Hong Kong police charged pro-democracy advocates, including Joshua Wong (黃之鋒), for taking part in a June vigil commemorating the anniversary of the Tiananmen Square Massacre, the latest move in an intensifying clampdown on the territory’s opposition movement.
Hong Kong Legislative Council member Eddie Chu (朱凱迪), former student leader Lester Shum (岑敖暉) and leaders of the Hong Kong Alliance in Support of Patriotic Democratic Movements of China — which was formed during the Tiananmen Massacre in 1989 — were also among those charged on Thursday for “knowingly taking part in an unauthorized assembly,” Cable TV reported, citing unidentified people.
They are due in court on Sept. 15, it said.
Photo: EPA-EFE
Police levied new charges on 24 people, including several who had already been charged in June with inciting the unauthorized assembly.
Media tycoon and activist Jimmy Lai (黎智英) was among those charged in June, but was not handed an additional charge on Thursday.
Some of those charged confirmed the news via their social media accounts, including Wong, who on Wednesday appeared in court on separate charges related to last year’s siege of the Hong Kong police headquarters.
“Just 24 hours after I have left the court yesterday morning, I am now facing another charge by the government,” he wrote on Twitter. “Clearly, the regime plans to stage another crackdown on the city’s activists by all means.”
Tens of thousands of people came out peacefully for this year’s vigil on June 4, defying the first government ban on the vigil in three decades due to the COVID-19 pandemic.

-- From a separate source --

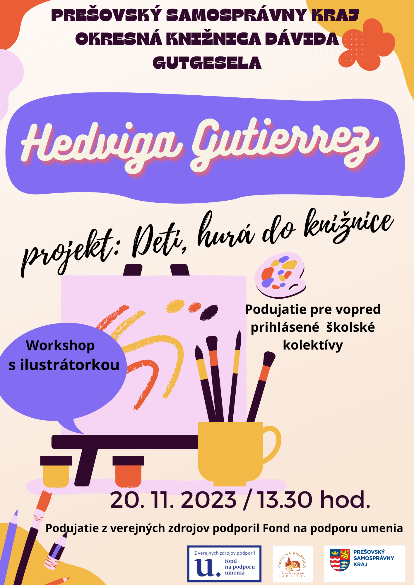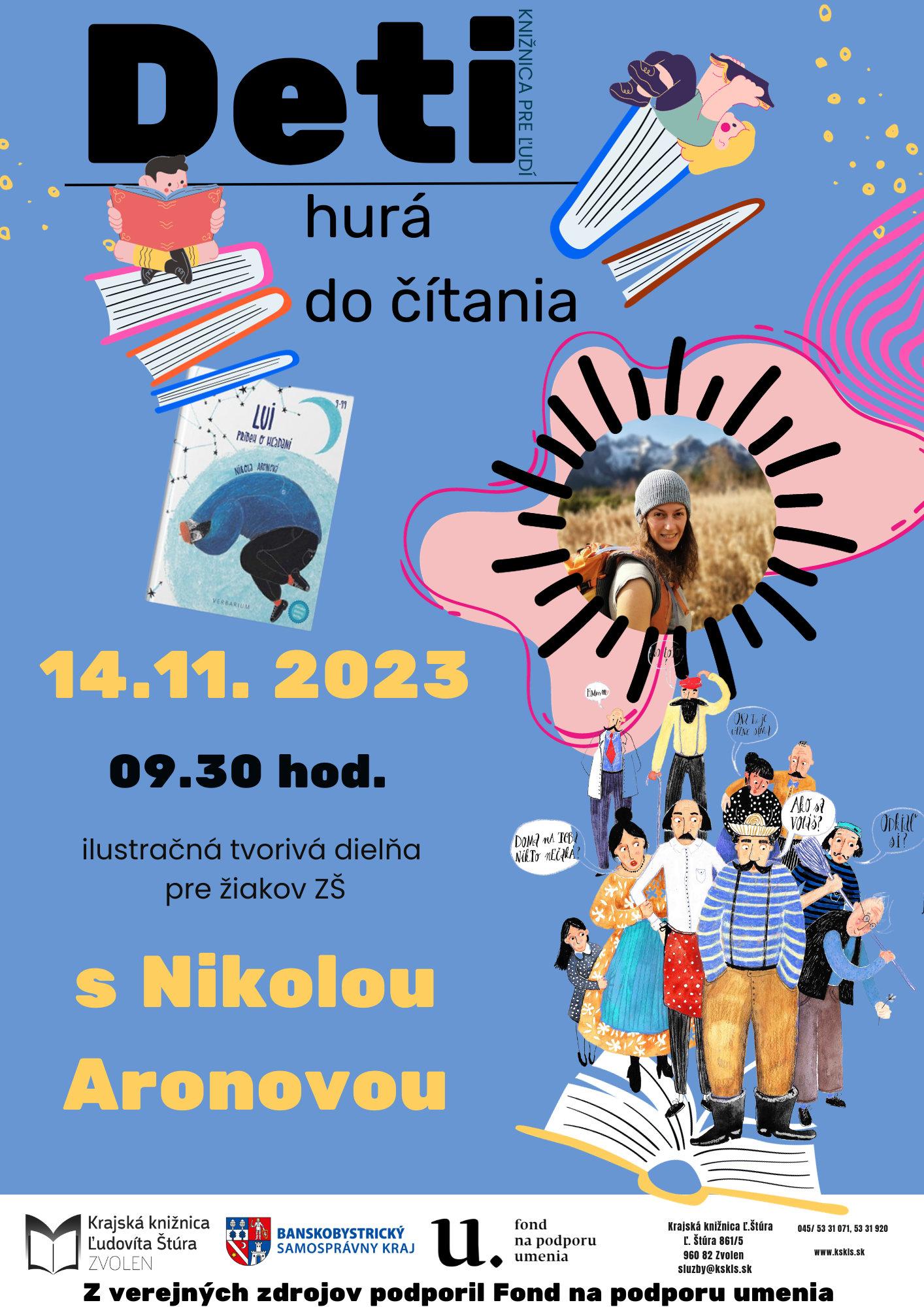 Cyklus Deti hurá do čítania je krajskou knižnicou realizovaný niekoľko rokov. Pozostáva zo stretnutí a ilustračných dielní žiakov ZŠ s tvorcami detských kníh. Tentoraz sa uskutoční ilustračný workshop s Nikolou Aronovou. Vďaka krásnej prírode a kopcom vznikli dve jej autorské knihy o horách a o pokoji v nich. Ilustrovala aj ďalšie detské knihy, venuje sa aj ilustráciám iných kníh, kníhväzbe. Podujatie z verejných zdrojov podporil Fond na podporu umenia.

The government’s move is likely to fuel criticism that Beijing is trying to quash Hong Kong’s pro-democracy movement, following the disqualification of at least a dozen opposition candidates from now-delayed Legislative Council elections scheduled for Sept. 6.

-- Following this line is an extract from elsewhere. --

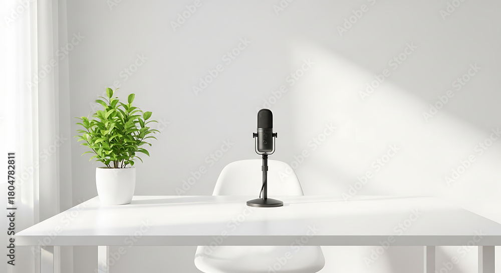 Modern luxury bathroom interior design with clean white flowers, mirror, and bathtub #1804782811

The charges are tied to an event held before China imposed a National Security Law on the territory at the end of June, and did not appear to be related to the new legislation.
However, they come as Hong Kong police have ramped up enforcement of the legislation, issuing arrest warrants earlier this month for six activists who live overseas and arresting four young activists for online comments that allegedly fell afoul of the legislation.
Concerns are also rising globally about Hong Kong’s future autonomy and the state of basic freedoms in the territory. Countries — including the UK, Canada and Germany — have suspended their extradition treaties with Hong Kong following the adoption of the legislation, and the US has moved to end so-called special trading privileges that distinguish the territory from China.